-- LISTED RECORDS follows --

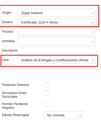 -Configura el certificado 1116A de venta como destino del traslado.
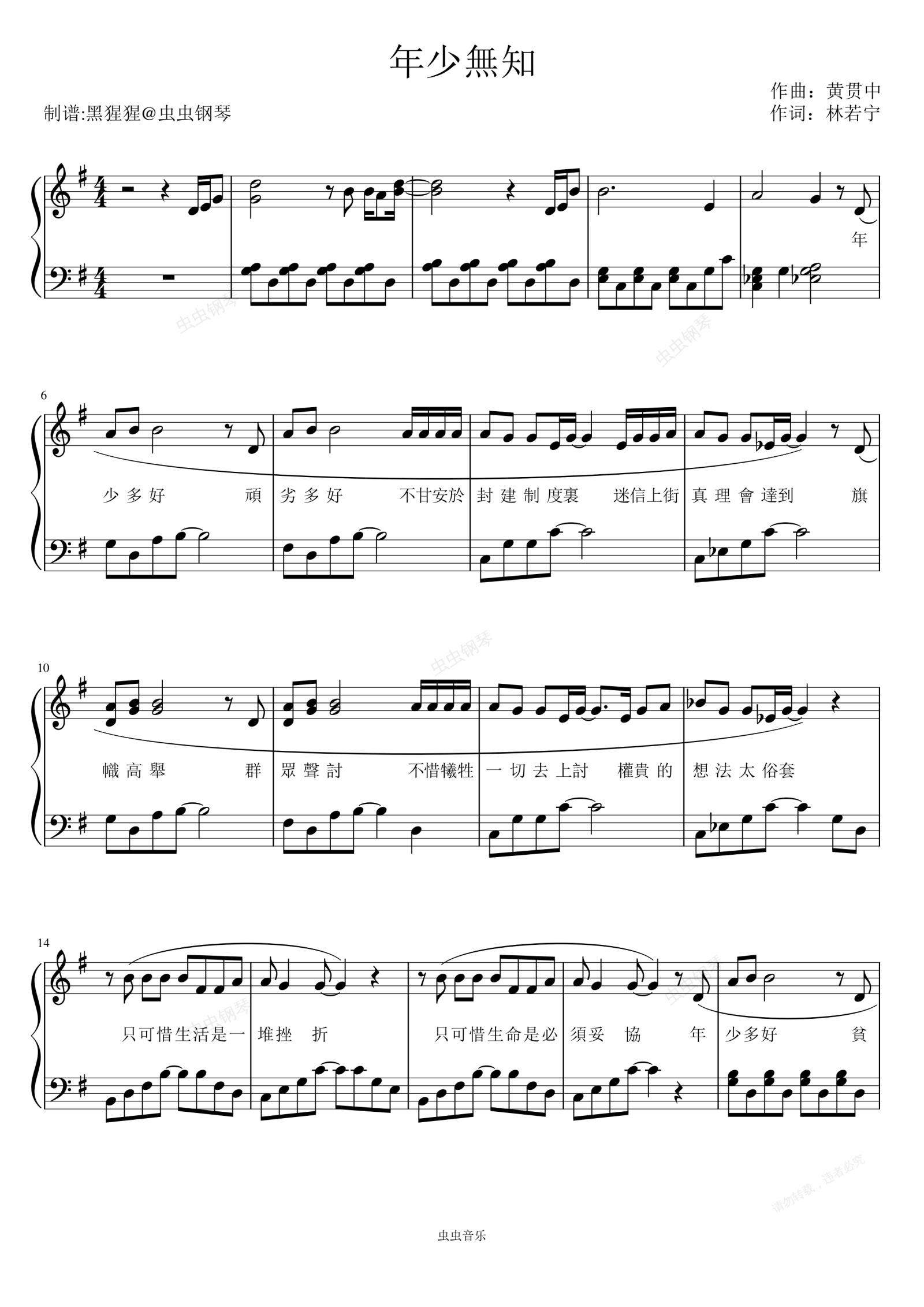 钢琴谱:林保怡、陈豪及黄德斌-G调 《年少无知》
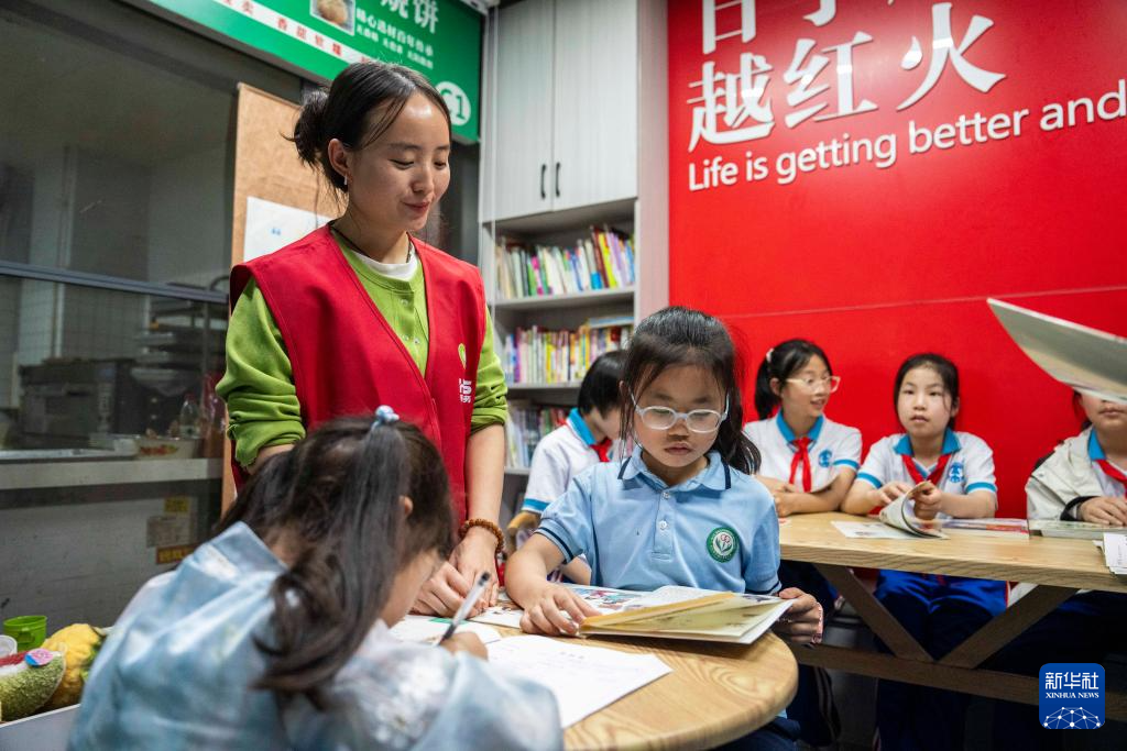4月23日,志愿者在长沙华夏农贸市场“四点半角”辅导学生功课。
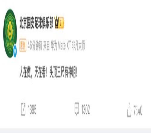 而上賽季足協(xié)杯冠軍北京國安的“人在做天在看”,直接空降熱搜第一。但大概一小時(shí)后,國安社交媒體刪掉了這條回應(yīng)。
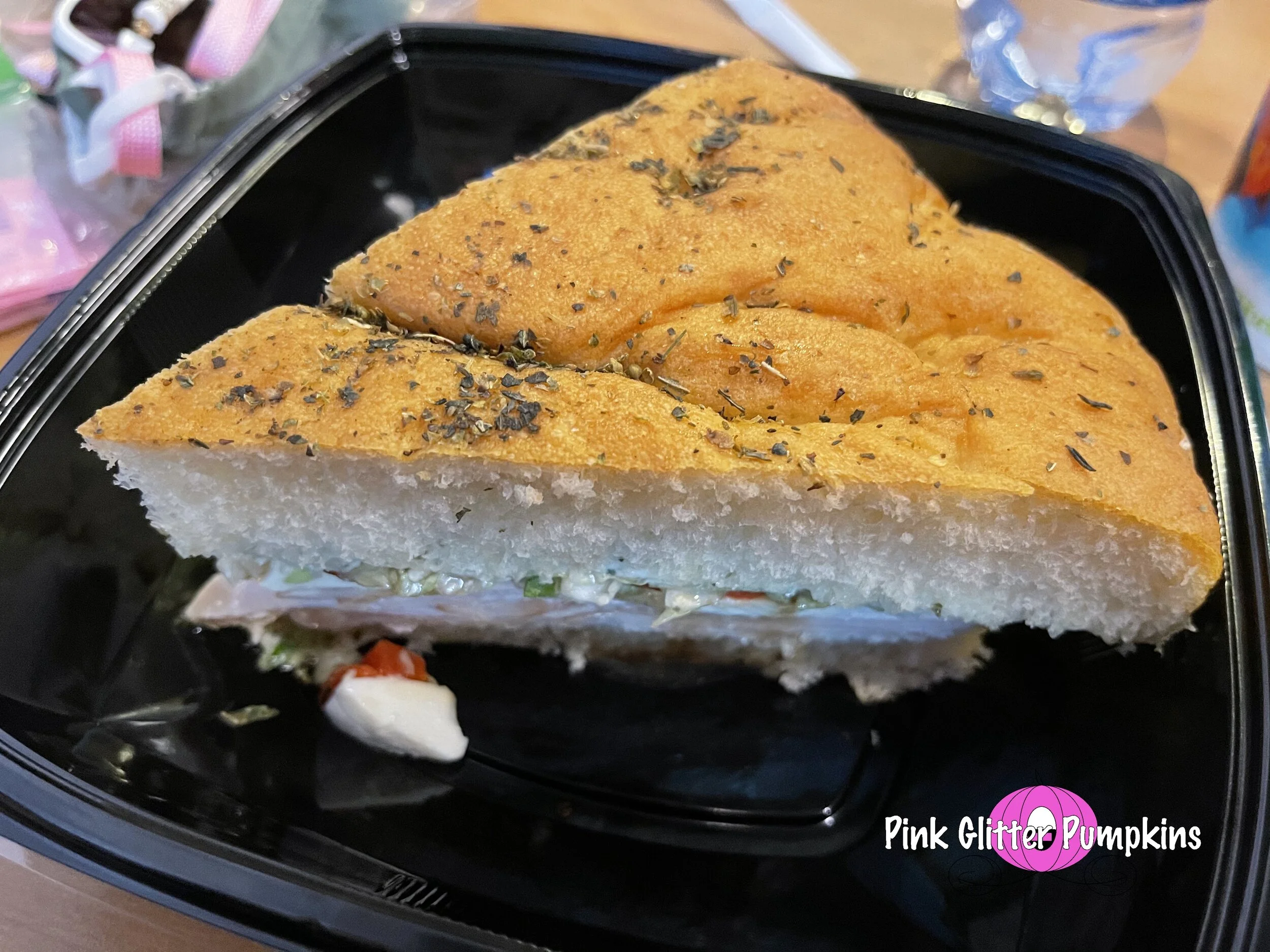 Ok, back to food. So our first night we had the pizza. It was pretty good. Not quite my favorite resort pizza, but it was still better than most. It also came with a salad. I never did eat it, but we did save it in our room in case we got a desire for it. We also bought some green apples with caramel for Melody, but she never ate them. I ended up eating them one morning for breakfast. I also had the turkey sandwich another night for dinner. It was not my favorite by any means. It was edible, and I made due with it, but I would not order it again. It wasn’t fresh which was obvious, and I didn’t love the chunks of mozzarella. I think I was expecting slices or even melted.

-- LISTED RECORDS concluded --
-- LISTED RECORDS follows --

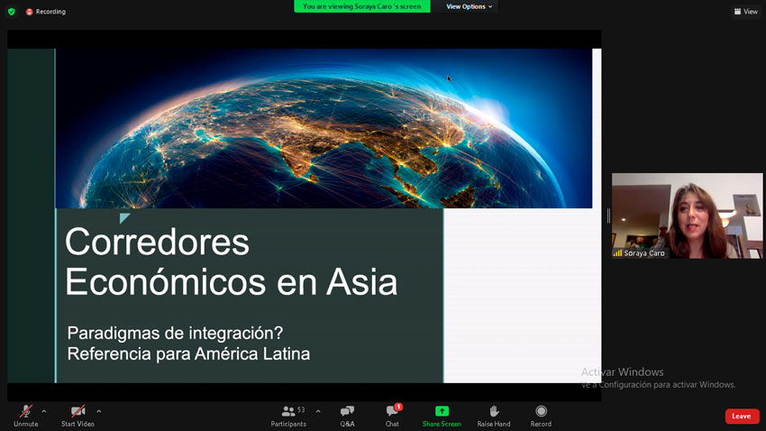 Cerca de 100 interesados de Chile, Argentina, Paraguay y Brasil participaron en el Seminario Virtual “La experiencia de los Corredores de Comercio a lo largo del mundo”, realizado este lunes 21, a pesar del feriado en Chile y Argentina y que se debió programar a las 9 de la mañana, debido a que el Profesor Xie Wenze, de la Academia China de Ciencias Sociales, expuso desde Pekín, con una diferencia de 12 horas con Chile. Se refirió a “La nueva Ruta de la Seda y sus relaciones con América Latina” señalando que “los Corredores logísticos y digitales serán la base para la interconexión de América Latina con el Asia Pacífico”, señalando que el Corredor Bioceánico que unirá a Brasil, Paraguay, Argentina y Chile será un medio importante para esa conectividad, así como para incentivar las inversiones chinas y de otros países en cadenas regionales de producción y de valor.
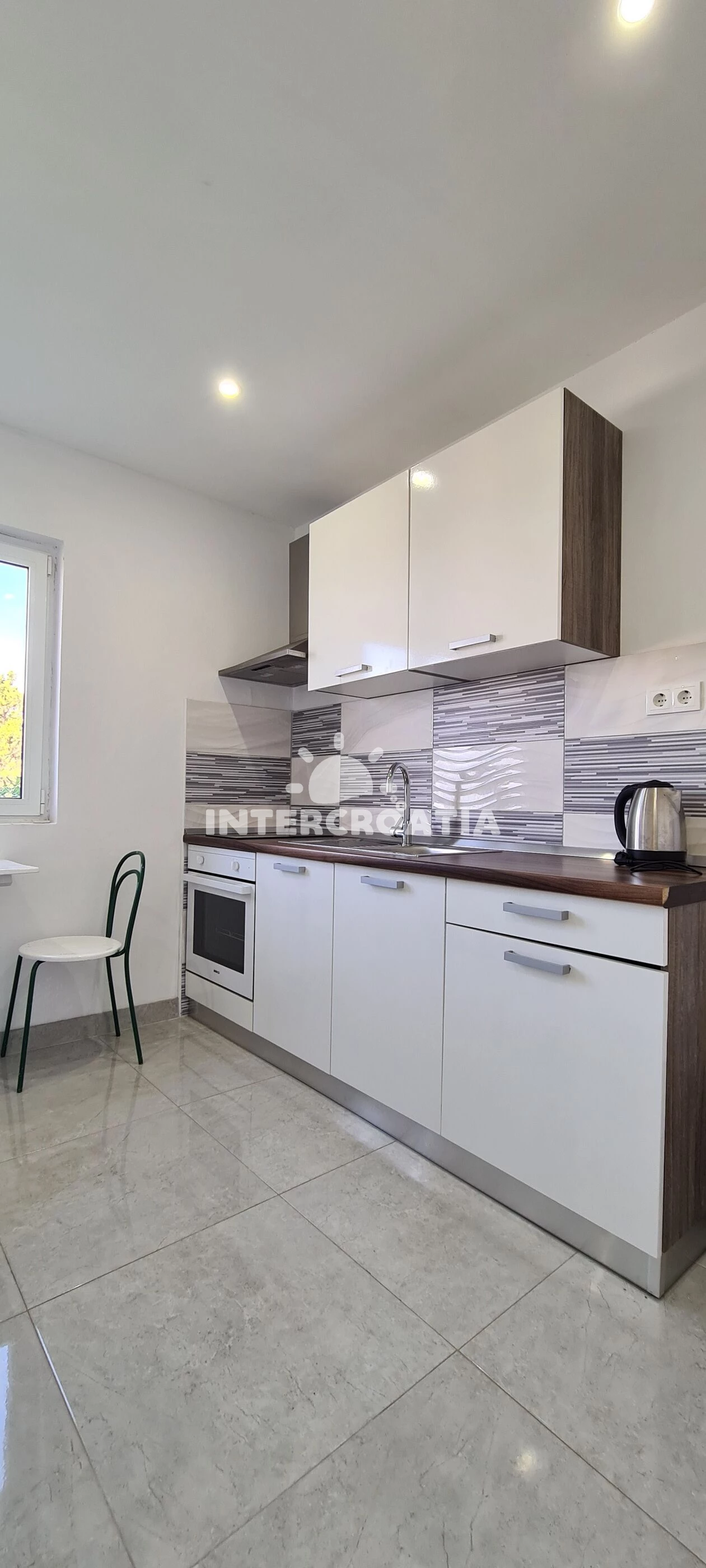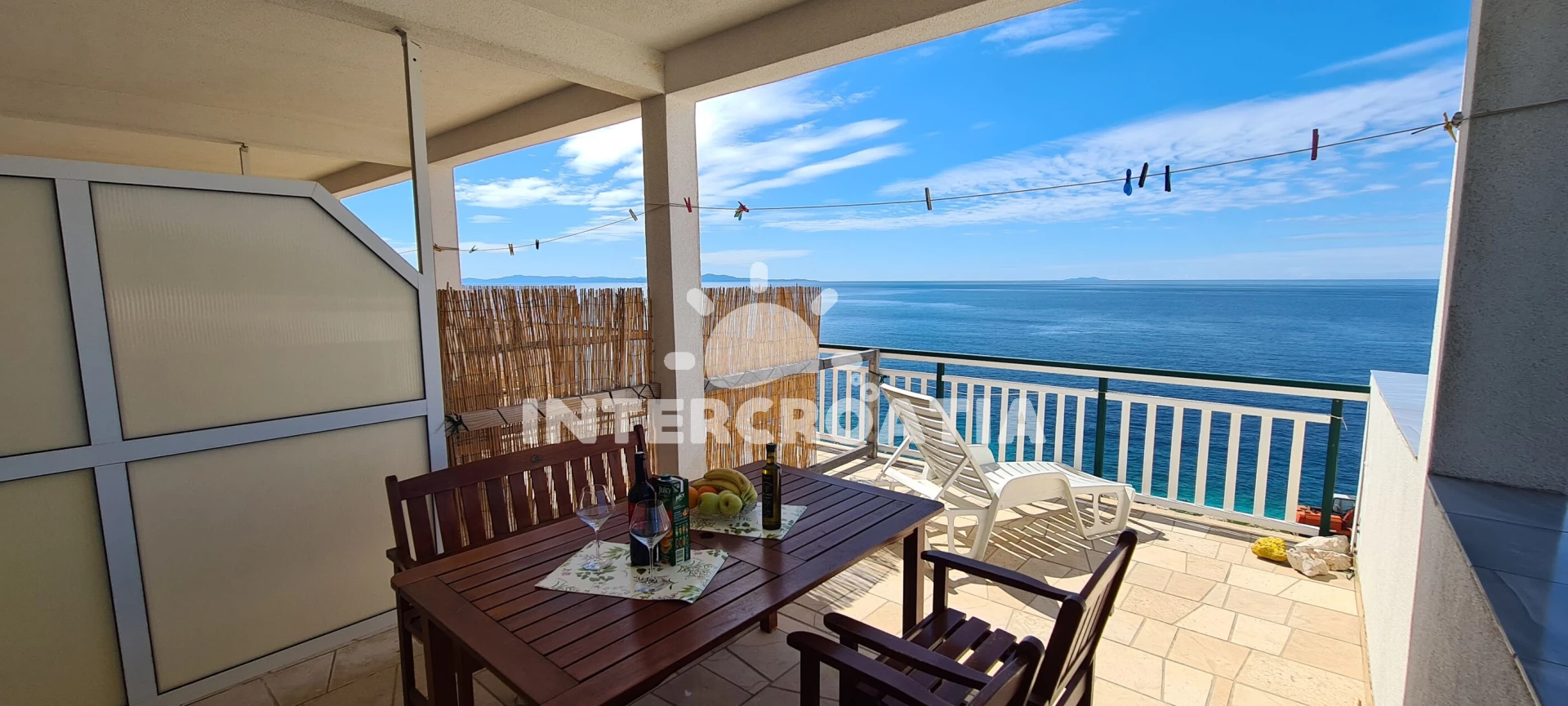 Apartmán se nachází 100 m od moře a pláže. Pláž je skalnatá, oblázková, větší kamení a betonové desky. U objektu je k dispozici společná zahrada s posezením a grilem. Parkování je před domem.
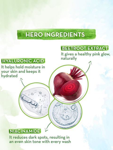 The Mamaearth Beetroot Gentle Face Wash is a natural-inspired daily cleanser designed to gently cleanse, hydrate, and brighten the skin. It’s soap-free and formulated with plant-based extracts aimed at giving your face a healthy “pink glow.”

-- LISTED RECORDS concluded --
-- LISTED RECORDS follows --

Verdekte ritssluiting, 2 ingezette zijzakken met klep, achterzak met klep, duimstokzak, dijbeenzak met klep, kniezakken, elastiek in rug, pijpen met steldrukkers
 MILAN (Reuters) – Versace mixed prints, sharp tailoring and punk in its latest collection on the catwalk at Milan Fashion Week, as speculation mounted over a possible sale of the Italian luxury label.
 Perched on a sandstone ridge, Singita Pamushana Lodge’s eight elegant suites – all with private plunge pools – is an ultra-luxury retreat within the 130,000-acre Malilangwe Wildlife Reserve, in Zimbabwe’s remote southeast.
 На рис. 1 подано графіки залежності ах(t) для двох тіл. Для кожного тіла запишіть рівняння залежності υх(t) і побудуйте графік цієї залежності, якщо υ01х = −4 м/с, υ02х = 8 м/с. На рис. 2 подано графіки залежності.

-- LISTED RECORDS concluded --

Leaving out each picture, repeat exactly the lines above from the one that contains "-Configura el certificado" through the one that contains "Ok, back to".

 -Configura el certificado 1116A de venta como destino del traslado.
 钢琴谱:林保怡、陈豪及黄德斌-G调 《年少无知》
4月23日,志愿者在长沙华夏农贸市场“四点半角”辅导学生功课。
 而上賽季足協(xié)杯冠軍北京國安的“人在做天在看”,直接空降熱搜第一。但大概一小時(shí)后,國安社交媒體刪掉了這條回應(yīng)。
 Ok, back to food. So our first night we had the pizza. It was pretty good. Not quite my favorite resort pizza, but it was still better than most. It also came with a salad. I never did eat it, but we did save it in our room in case we got a desire for it. We also bought some green apples with caramel for Melody, but she never ate them. I ended up eating them one morning for breakfast. I also had the turkey sandwich another night for dinner. It was not my favorite by any means. It was edible, and I made due with it, but I would not order it again. It wasn’t fresh which was obvious, and I didn’t love the chunks of mozzarella. I think I was expecting slices or even melted.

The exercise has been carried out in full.